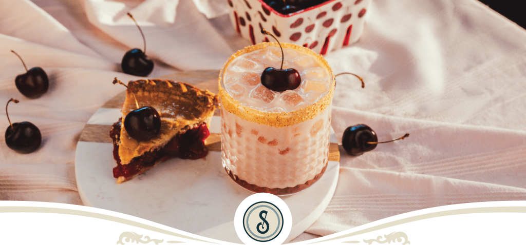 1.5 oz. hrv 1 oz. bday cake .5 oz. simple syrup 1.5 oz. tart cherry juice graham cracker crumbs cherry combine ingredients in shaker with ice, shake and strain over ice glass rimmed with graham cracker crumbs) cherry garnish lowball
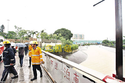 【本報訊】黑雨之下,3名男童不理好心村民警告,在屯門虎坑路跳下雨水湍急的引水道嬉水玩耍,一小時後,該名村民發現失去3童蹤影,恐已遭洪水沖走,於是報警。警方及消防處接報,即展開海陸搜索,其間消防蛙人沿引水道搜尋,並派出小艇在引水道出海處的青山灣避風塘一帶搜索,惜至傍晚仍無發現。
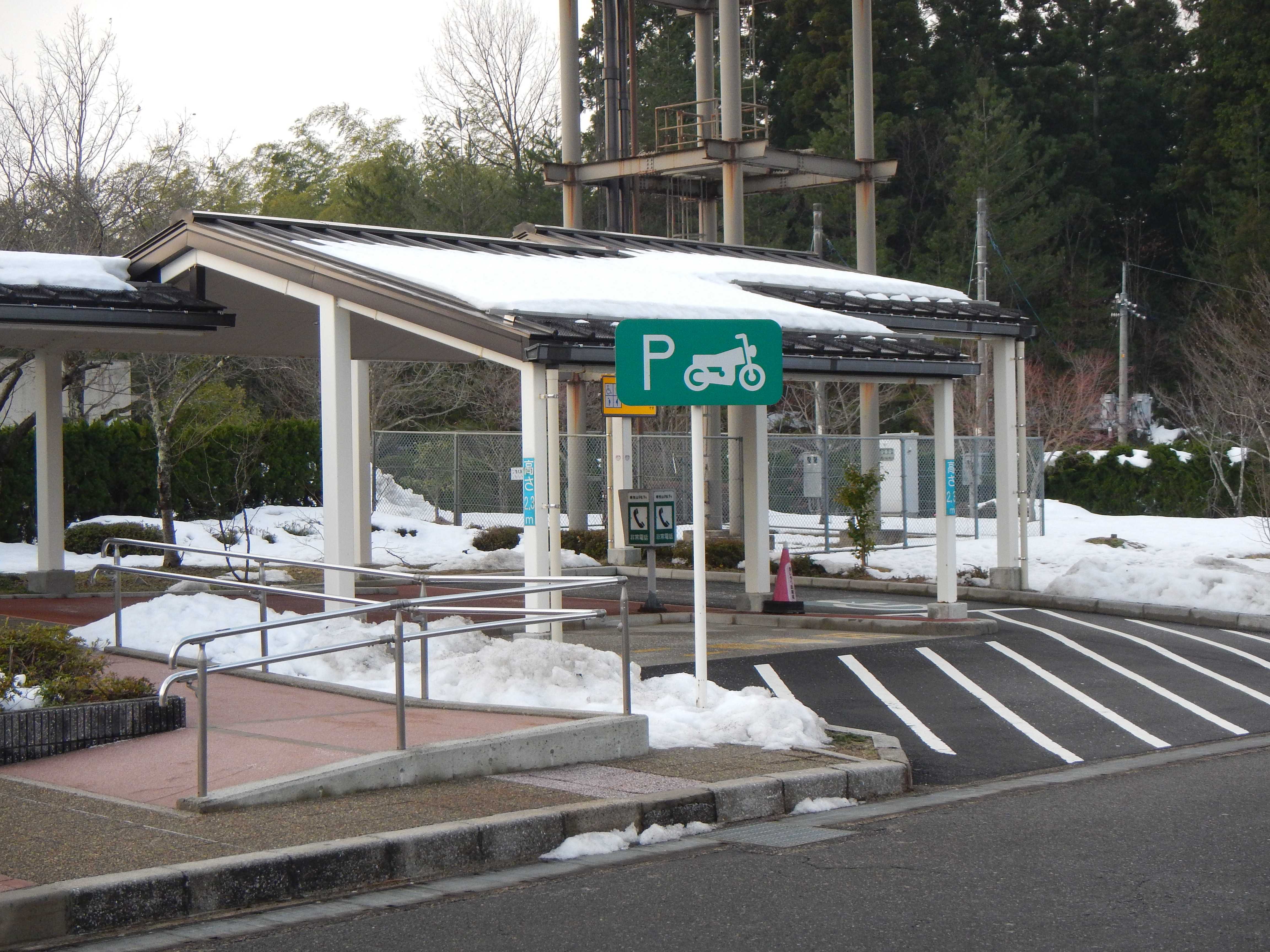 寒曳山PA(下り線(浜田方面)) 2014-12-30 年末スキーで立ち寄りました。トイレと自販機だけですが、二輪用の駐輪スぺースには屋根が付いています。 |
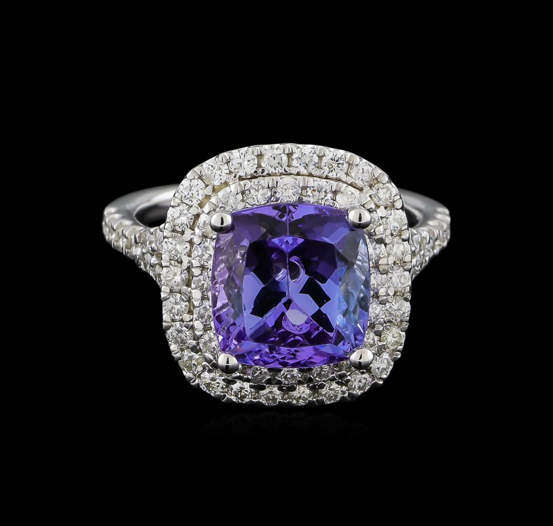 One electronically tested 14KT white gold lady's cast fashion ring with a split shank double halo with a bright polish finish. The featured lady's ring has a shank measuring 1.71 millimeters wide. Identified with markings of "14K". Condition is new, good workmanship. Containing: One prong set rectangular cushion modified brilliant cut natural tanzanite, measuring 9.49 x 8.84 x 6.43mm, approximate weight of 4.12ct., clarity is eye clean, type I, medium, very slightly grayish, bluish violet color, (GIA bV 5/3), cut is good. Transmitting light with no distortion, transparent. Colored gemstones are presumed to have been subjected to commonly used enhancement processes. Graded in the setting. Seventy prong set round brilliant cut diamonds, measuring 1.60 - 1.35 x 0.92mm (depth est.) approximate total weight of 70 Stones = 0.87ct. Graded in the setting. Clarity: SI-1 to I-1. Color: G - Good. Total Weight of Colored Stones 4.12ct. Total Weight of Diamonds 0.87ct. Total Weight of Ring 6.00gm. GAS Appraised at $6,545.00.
....
▶ What is expected
Give back the entire listing verbatim, without the pictures.

▶ Answer to the exercise
 1.5 oz. hrv 1 oz. bday cake .5 oz. simple syrup 1.5 oz. tart cherry juice graham cracker crumbs cherry combine ingredients in shaker with ice, shake and strain over ice glass rimmed with graham cracker crumbs) cherry garnish lowball
 【本報訊】黑雨之下,3名男童不理好心村民警告,在屯門虎坑路跳下雨水湍急的引水道嬉水玩耍,一小時後,該名村民發現失去3童蹤影,恐已遭洪水沖走,於是報警。警方及消防處接報,即展開海陸搜索,其間消防蛙人沿引水道搜尋,並派出小艇在引水道出海處的青山灣避風塘一帶搜索,惜至傍晚仍無發現。
 寒曳山PA(下り線(浜田方面)) 2014-12-30 年末スキーで立ち寄りました。トイレと自販機だけですが、二輪用の駐輪スぺースには屋根が付いています。 |
 One electronically tested 14KT white gold lady's cast fashion ring with a split shank double halo with a bright polish finish. The featured lady's ring has a shank measuring 1.71 millimeters wide. Identified with markings of "14K". Condition is new, good workmanship. Containing: One prong set rectangular cushion modified brilliant cut natural tanzanite, measuring 9.49 x 8.84 x 6.43mm, approximate weight of 4.12ct., clarity is eye clean, type I, medium, very slightly grayish, bluish violet color, (GIA bV 5/3), cut is good. Transmitting light with no distortion, transparent. Colored gemstones are presumed to have been subjected to commonly used enhancement processes. Graded in the setting. Seventy prong set round brilliant cut diamonds, measuring 1.60 - 1.35 x 0.92mm (depth est.) approximate total weight of 70 Stones = 0.87ct. Graded in the setting. Clarity: SI-1 to I-1. Color: G - Good. Total Weight of Colored Stones 4.12ct. Total Weight of Diamonds 0.87ct. Total Weight of Ring 6.00gm. GAS Appraised at $6,545.00.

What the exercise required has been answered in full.